_Task requirements_:
With pictures left out, write out exactly every line from the start of the data through the one that contains "feature 7QC 3.0".
* * *
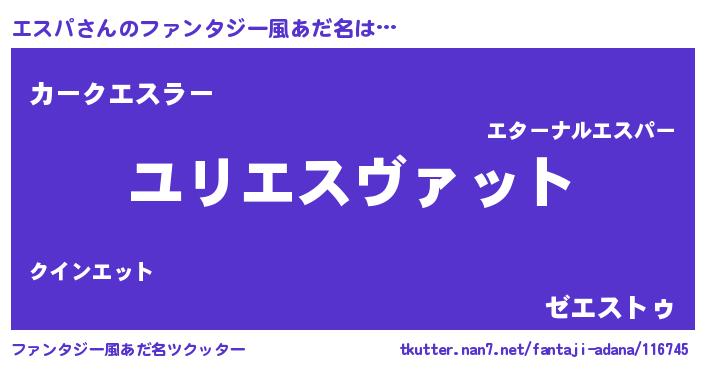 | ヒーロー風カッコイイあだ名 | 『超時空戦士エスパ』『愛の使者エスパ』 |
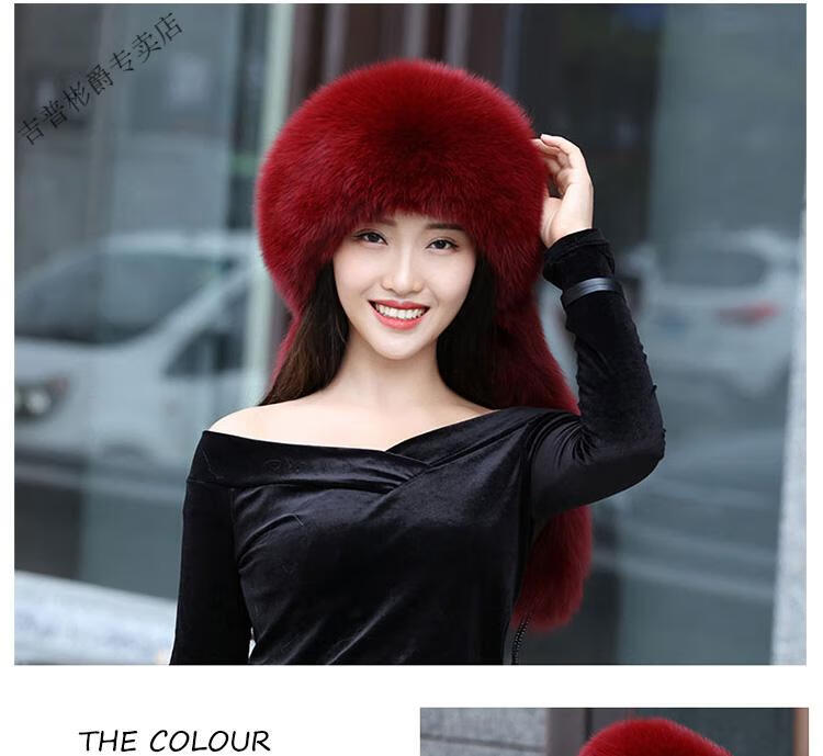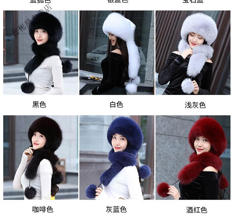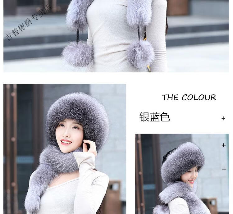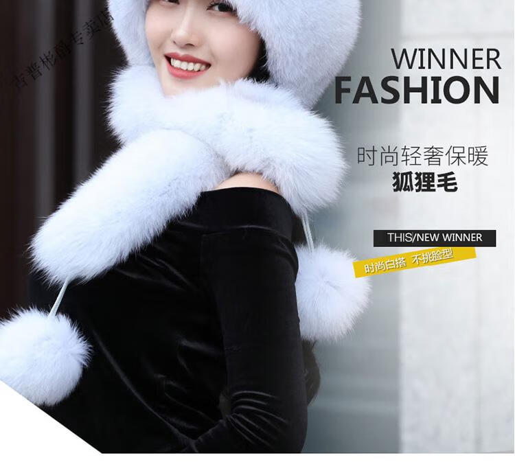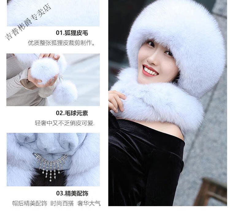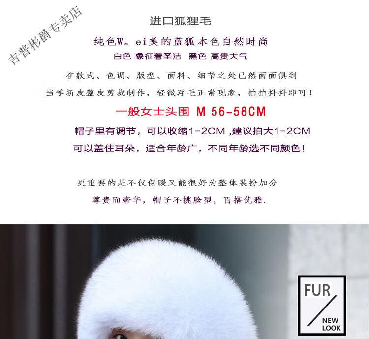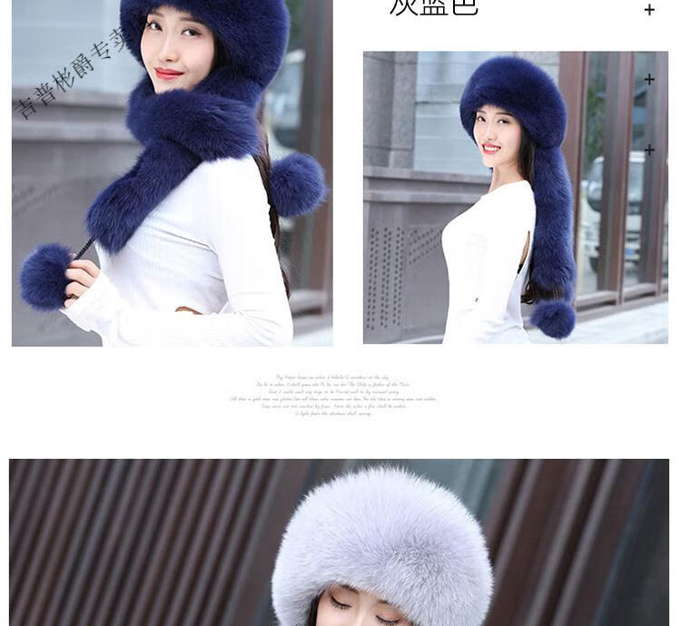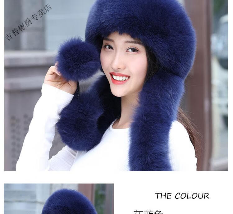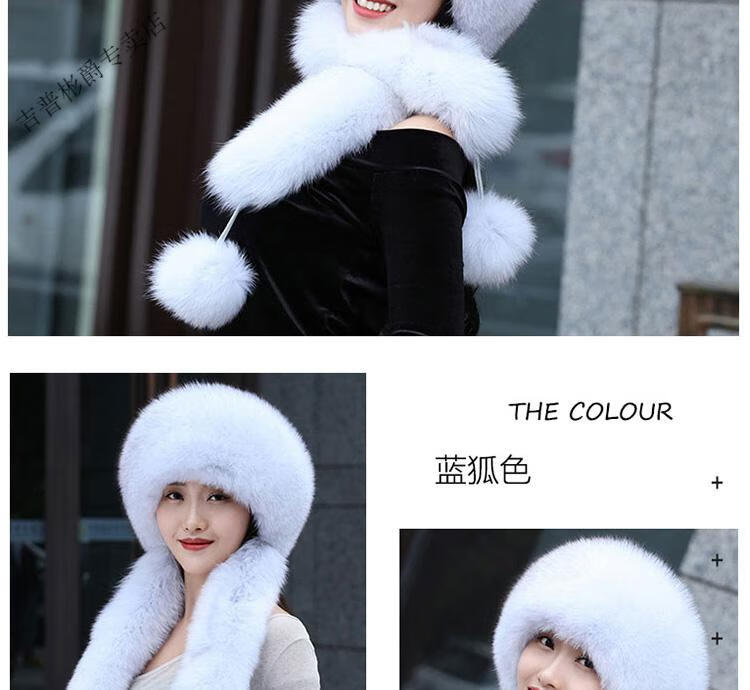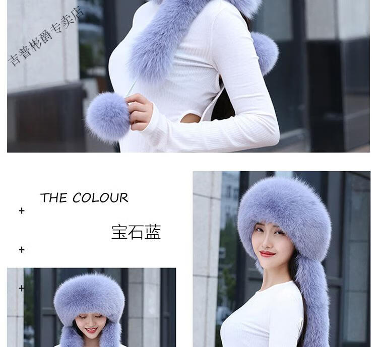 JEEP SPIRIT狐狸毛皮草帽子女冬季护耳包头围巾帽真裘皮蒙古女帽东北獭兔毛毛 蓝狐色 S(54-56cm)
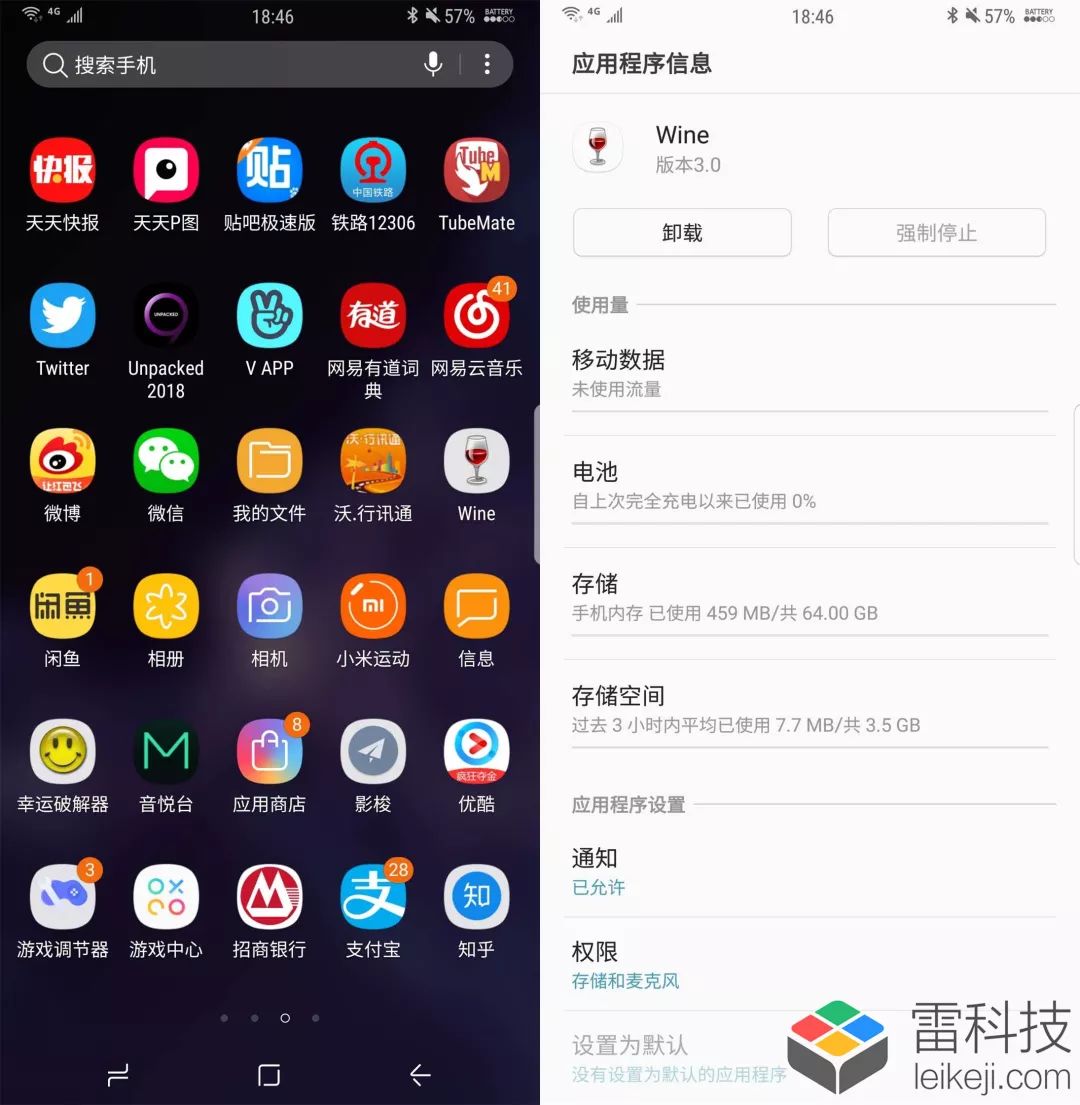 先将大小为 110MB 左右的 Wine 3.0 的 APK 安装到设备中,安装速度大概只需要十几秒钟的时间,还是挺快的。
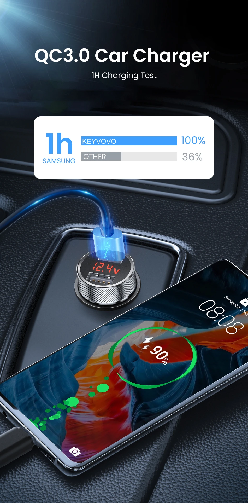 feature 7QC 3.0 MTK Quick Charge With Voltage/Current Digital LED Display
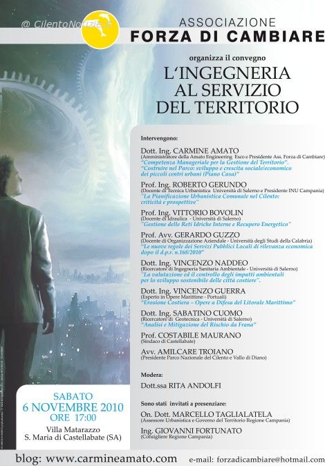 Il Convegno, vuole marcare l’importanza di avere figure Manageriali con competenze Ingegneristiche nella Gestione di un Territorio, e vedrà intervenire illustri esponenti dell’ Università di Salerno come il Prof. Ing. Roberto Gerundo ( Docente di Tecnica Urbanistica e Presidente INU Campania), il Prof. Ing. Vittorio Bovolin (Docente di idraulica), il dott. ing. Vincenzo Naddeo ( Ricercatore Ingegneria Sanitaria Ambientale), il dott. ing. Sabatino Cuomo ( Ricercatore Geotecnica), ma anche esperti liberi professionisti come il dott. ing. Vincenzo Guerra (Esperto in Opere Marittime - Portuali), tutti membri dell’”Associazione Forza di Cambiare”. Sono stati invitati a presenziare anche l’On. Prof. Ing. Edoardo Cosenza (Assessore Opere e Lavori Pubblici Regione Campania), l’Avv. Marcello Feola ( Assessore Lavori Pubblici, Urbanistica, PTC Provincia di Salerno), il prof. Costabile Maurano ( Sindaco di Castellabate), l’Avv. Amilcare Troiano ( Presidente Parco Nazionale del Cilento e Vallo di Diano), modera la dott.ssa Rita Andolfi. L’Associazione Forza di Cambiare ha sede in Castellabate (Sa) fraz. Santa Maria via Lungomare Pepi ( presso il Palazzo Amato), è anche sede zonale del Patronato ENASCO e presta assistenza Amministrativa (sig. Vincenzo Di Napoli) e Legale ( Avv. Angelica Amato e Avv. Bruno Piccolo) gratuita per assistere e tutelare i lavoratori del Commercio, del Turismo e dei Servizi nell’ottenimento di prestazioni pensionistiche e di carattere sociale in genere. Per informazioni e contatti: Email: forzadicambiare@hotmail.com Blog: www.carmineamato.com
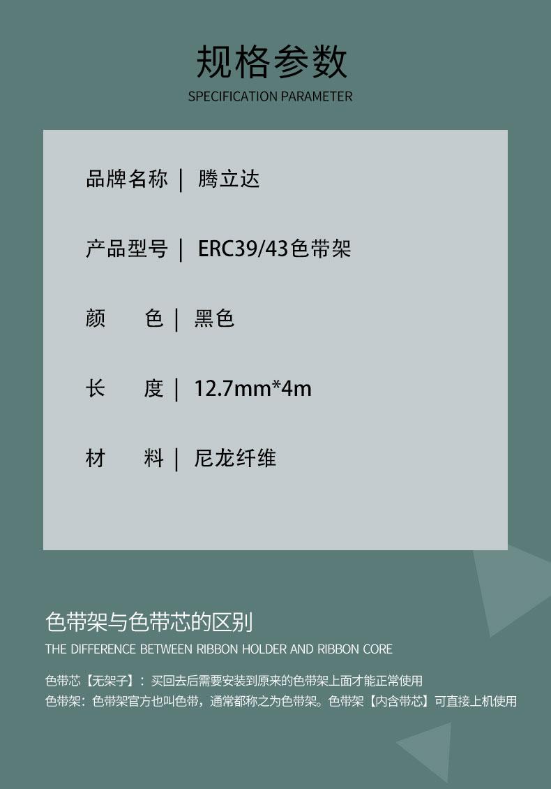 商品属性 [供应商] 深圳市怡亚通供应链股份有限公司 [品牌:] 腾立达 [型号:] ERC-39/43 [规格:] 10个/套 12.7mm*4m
* * *
_Answer area_:
 | ヒーロー風カッコイイあだ名 | 『超時空戦士エスパ』『愛の使者エスパ』 |
 JEEP SPIRIT狐狸毛皮草帽子女冬季护耳包头围巾帽真裘皮蒙古女帽东北獭兔毛毛 蓝狐色 S(54-56cm)
 先将大小为 110MB 左右的 Wine 3.0 的 APK 安装到设备中,安装速度大概只需要十几秒钟的时间,还是挺快的。
 feature 7QC 3.0 MTK Quick Charge With Voltage/Current Digital LED Display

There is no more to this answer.